Problem to work on
No pictures belong in the copy. Retype exactly, and only, the stretch of lines below from the one with "今後、カーライフにおける節約" through the one with "- Интуитивное сопоставление".

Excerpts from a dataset
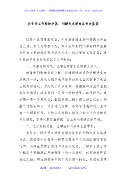 / 班主任工作经验交流:创新形式提高家长会实效
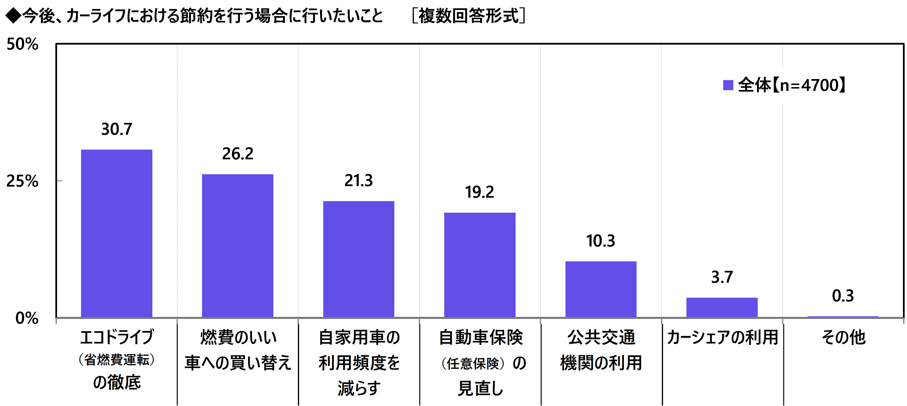 今後、カーライフにおける節約を行う場合に行いたいことを聞いたところ、「エコドライブ(省燃費運転)の徹底」(30.7%)が最も高くなり、「燃費のいい車への買い替え」(26.2%)、「自家用車の利用頻度を減らす」(21.3%)、「自動車保険(任意保険)の見直し」(19.2%)、「公共交通機関の利用」(10.3%)が続きました。
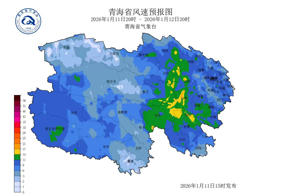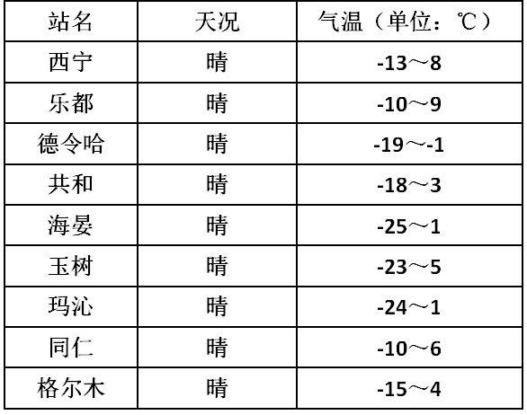 12日20时-13日20时:全省各地晴或多云。13日白天,海西西部、玉树西部、果洛大部有6~7级偏西风,阵风可达8级以上。
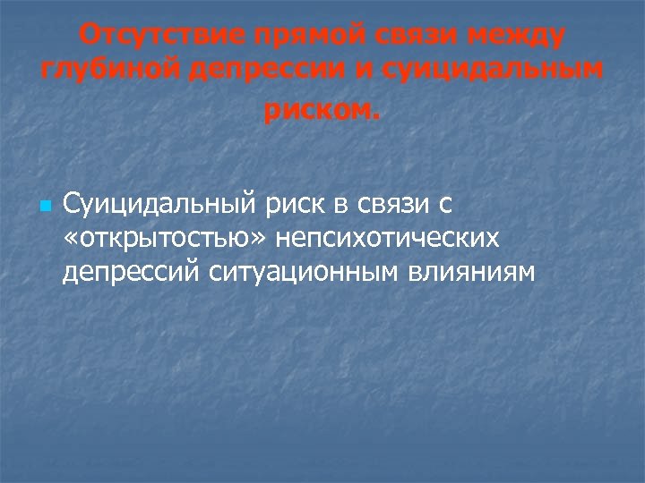 Отсутствие прямой связи между глубиной депрессии и суицидальным риском. n Суицидальный риск в связи с «открытостью» непсихотических депрессий ситуационным влияниям
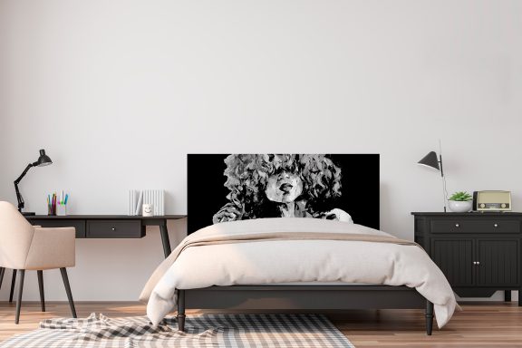 Mettez une toile contemporaine dans la chambre de votre ado ! Modernité garantie avec cette tête de lit artistique style peinture à l’huile, en version noir et blanc, qui décorera sa chambre à merveille.
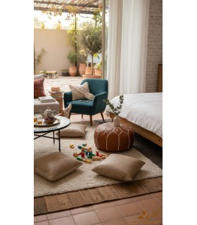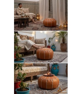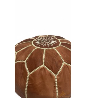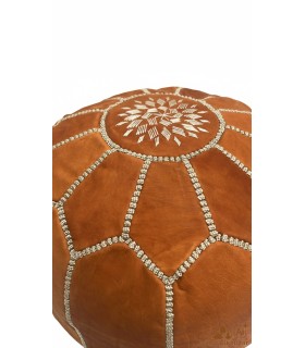 Handmade leather pouf made in Morocco with cowhide. Decorated with embroidery. Yiibili model.Includes special high-density filling. Which maintains the shape of the pouf and is comfortable to use.
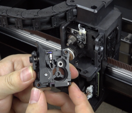 Place the extruder gear, squeeze the extruder clamp, install the extruder front cover.
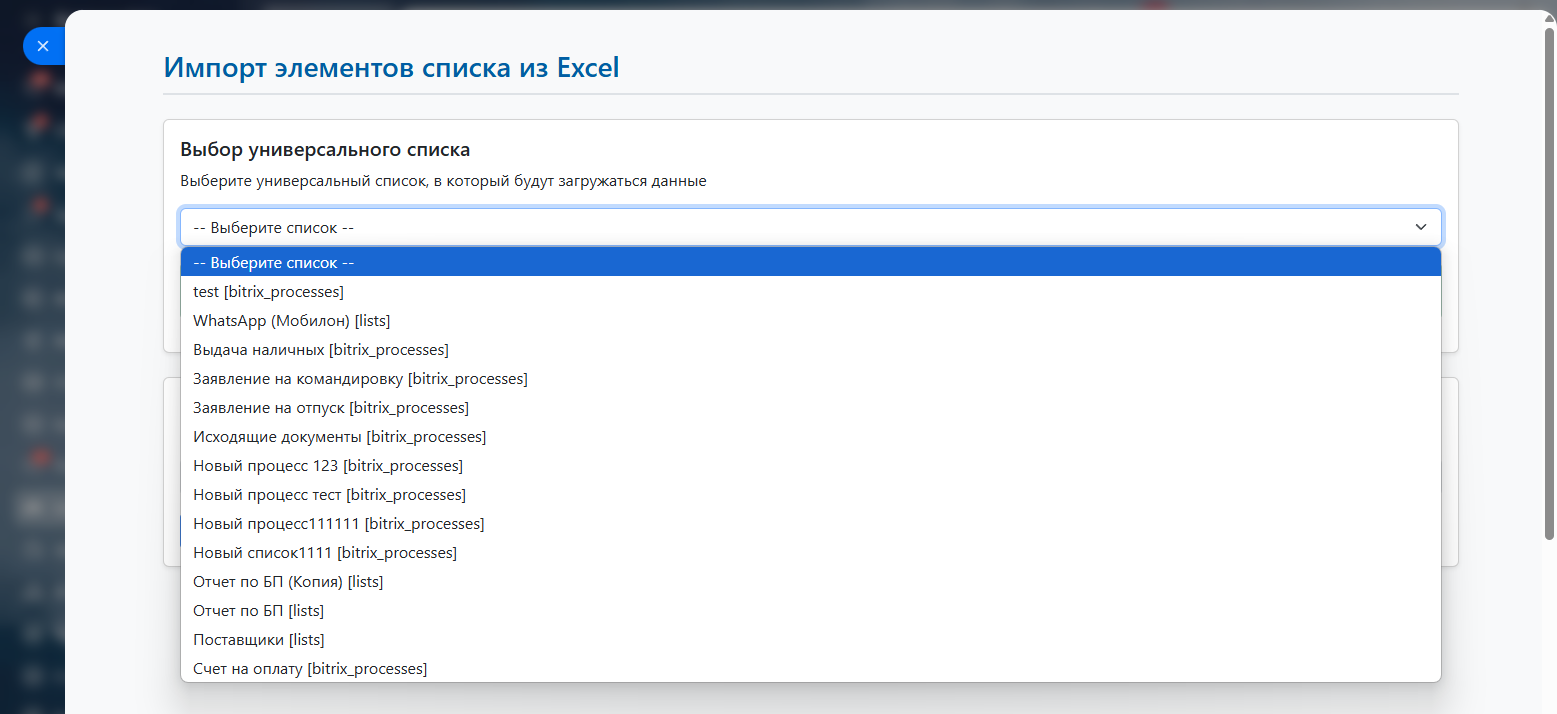 - Интуитивное сопоставление полей: Удобный интерфейс позволяет быстро сопоставить столбцы вашего файла с полями универсального списка Битрикс24.
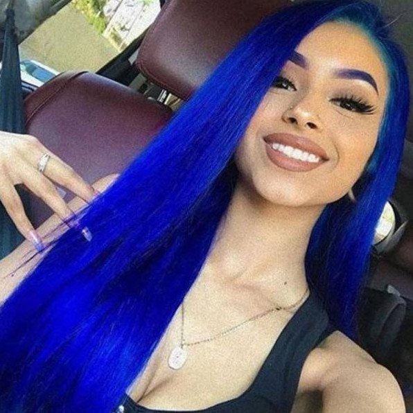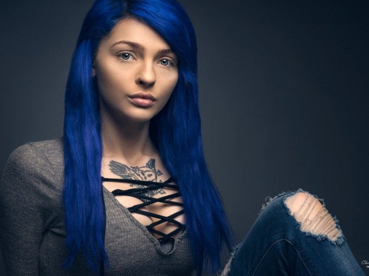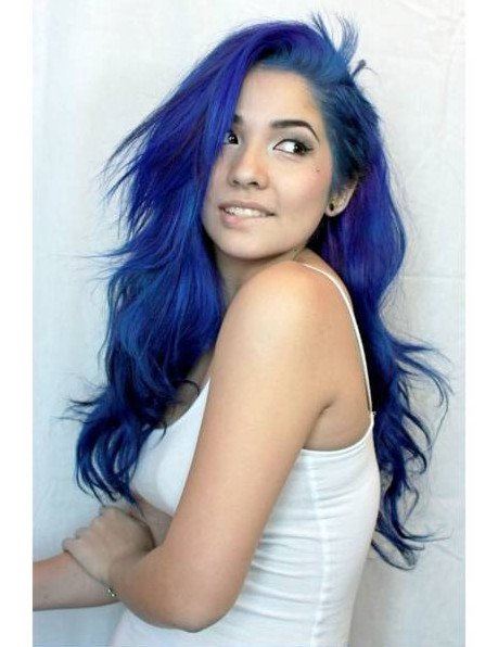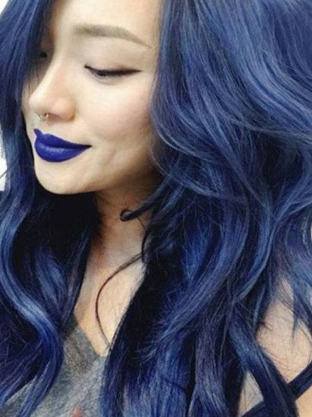 Темно голубые волосы девушка.
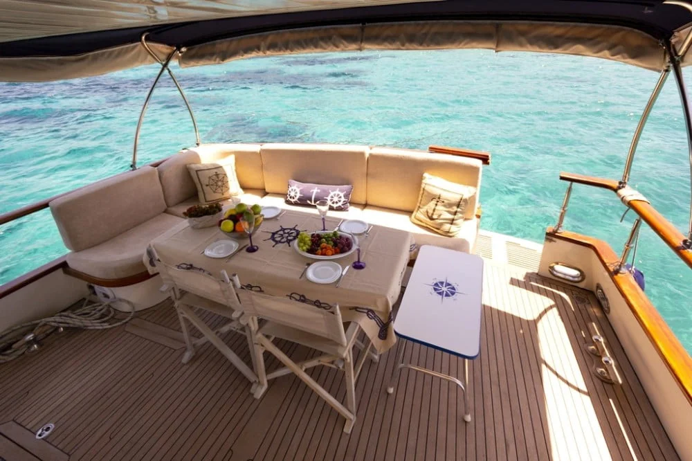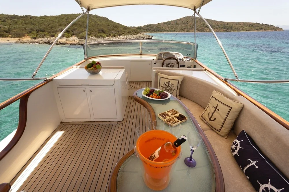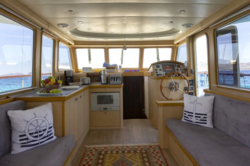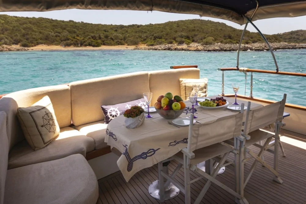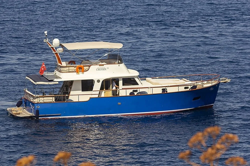 MAIA trawler is a custom-built Classic Cruiser 55 yacht located in the harbour of Bodrum and she is Turkish flagged. With her harmonious exterior and interior design, she is an enchanting trawler. MAIA yacht is ideal for couples and small parties to enjoy their yacht holiday along the Aegean coastline. Her length overall is 17 meters with a beam of 4.60 meters. She owns 2 engines of 265 hp and 2 generators of 17.5 kW. One of the biggest advantages is her platform with a stair that allows easy access to the sea and creates herewith a ‘secret’ sitting area. The sundeck is spacious and offers al fresco dining and sunbeds. Her flybridge is highly recommendable with a relaxing lounge area and 360-degree breathtaking views. MAIA trawler yacht can accommodate 4 guests in 2 comfortable cabins. On the main deck forward is the spacious master cabin with its ensuite bathroom including a shower and WC. The double cabin is perfectly suitable for two guests to accommodate or even for single-use. As for entertainment, the saloon offers a built-in television with IP TV and a DVD player. For other media connections, MAIA yacht offers Wi-Fi onboard. MAIA is very suitable for honeymoon and sunset tours on the boat as well. Please contact us directly for availability and inquiries about trawler yacht MAIA.
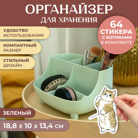 Органайзер для косметики – это удобный и практичный аксессуар, который поможет организовать хранение всех необходимых средств для макияжа и ухода за кожей. Он предлагает удобное и стильное решение для оптимизации пространства. Органайзер для хранения косметики изготовлен из прочного полипропилена. Данный материал не выделяет токсичных веществ и не имеет запаха, что делает его абсолютно безопасным для здоровья. Он не деформируется и не теряет первоначальный внешний вид длительное время. В комплекте с органайзером идут 64 наклейки с котиками (размер наклеек от 2 до 6 см).
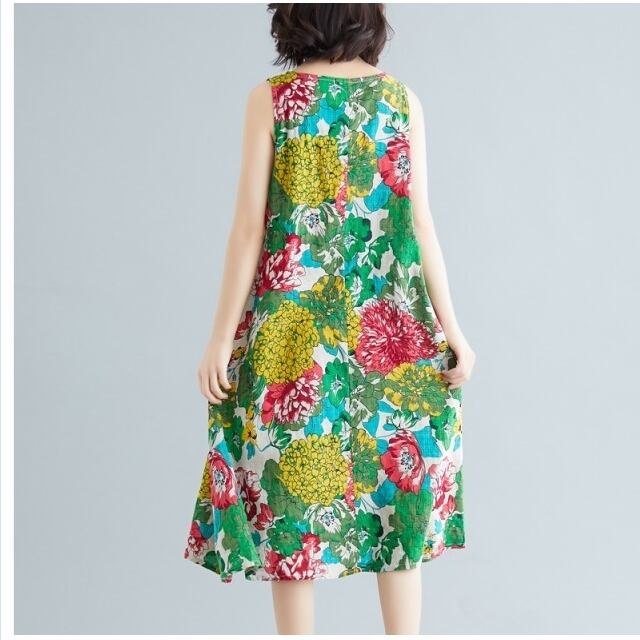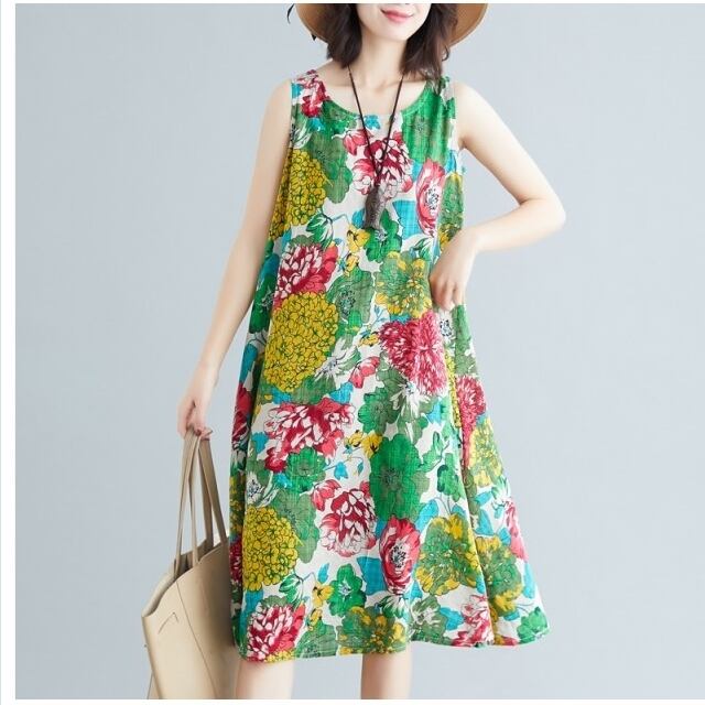 花柄 ロングワンピース 長袖 マキシワンピース レディース 40代 ロングワンピース 着痩せ 花柄 長袖 綿麻混ワンピース コットンリネン マ

Solution to this exercise
 今後、カーライフにおける節約を行う場合に行いたいことを聞いたところ、「エコドライブ(省燃費運転)の徹底」(30.7%)が最も高くなり、「燃費のいい車への買い替え」(26.2%)、「自家用車の利用頻度を減らす」(21.3%)、「自動車保険(任意保険)の見直し」(19.2%)、「公共交通機関の利用」(10.3%)が続きました。
 12日20时-13日20时:全省各地晴或多云。13日白天,海西西部、玉树西部、果洛大部有6~7级偏西风,阵风可达8级以上。
 Отсутствие прямой связи между глубиной депрессии и суицидальным риском. n Суицидальный риск в связи с «открытостью» непсихотических депрессий ситуационным влияниям
 Mettez une toile contemporaine dans la chambre de votre ado ! Modernité garantie avec cette tête de lit artistique style peinture à l’huile, en version noir et blanc, qui décorera sa chambre à merveille.
 Handmade leather pouf made in Morocco with cowhide. Decorated with embroidery. Yiibili model.Includes special high-density filling. Which maintains the shape of the pouf and is comfortable to use.
 Place the extruder gear, squeeze the extruder clamp, install the extruder front cover.
 - Интуитивное сопоставление полей: Удобный интерфейс позволяет быстро сопоставить столбцы вашего файла с полями универсального списка Битрикс24.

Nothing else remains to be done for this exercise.